Keywords: Ovary, transcription factor, gene regulation, omics analysis, IOP, cancer
+33 (0)157278116 reiner.veitia(at)ijm.fr
The main objective of the research carried out by our team is the study of ovarian function through molecular genetics. A historical subject of the group has been the analysis of the Blepharophimosis syndrome (craniofacial anomalies and premature ovarian insufficiency or POI), due to alterations in the transcription factor FOXL2. Over the years, we have contributed to a better understanding of the molecular function of FOXL2, its mechanisms of pathogenicity and the discovery of numerous targets and partners. FOXL2 provides an excellent model to study the combinatorial regulation of transcription, as it modulates a series of apparently unrelated processes (e.g. cholesterol and steroid metabolism, apoptosis, cell cycle, free radical detoxification, etc.). Thus, we use FOXL2 as a model to explore the basis of specific target recognition by a transcription factor and the influence of its partners and post-translational modifications on this process. To do so, we use state-of-the-art genomics and proteomics tools.
Caption: FOXL2 interactome: protein-protein interaction network for 255 FOXL2 partners identified by co-immunoprecipitation and mass spectrometry.

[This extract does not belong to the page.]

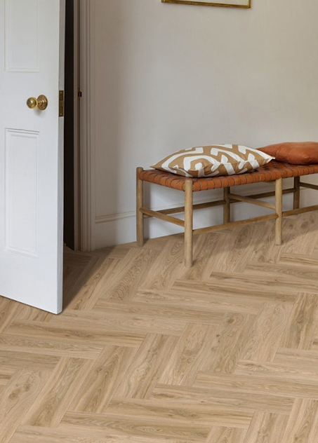 Moduleo Roots Herringbone -vinyylilattian kalanruotokuviointi luo tilaan ajattoman ja persoonallisen ilmeen. Se on lattiaratkaisu, joka yhdistää klassisen tyylin moderniin skandinaaviseen muotoiluun. Käyttöluokka 33 takaa erinomaisen kulutuskestävyyden ja tekee siitä täydellisen ratkaisun niin ravintoloihin, hotelleihin, toimistoihin kuin myymäläympäristöihin.

FOXL2 has also opened an avenue of research into ovarian granulosa cell tumors (GCTs), which account for up to 8% of all ovarian cancers. Two distinct subtypes of GCTs have been described: juvenile and adult forms. The adult type occurs most often during perimenopause and is characterized by late recurrence (up to 40 years after treatment of the primary tumor). The juvenile form (JGCT) tends to occur in the prepubertal period. A recurrent somatic mutation in FOXL2, leading to the p.C134W substitution has been detected in more than 97% of AGCTs, suggesting that this mutation is a driver of their formation. We are actively investigating the pathogenic mechanisms of this mutation using CRISPR-Cas9 modified cell lines, an animal model and genomic tools.
The molecular basis of JGCT is less well understood. We recently found tandem duplications in the reading frame of the AKT1 oncogene that affect the pleckstrin-homology domain (PHD) of the protein in over 60% of JGCTs. The effects of these mutations are currently being studied in cell and Drosophila models.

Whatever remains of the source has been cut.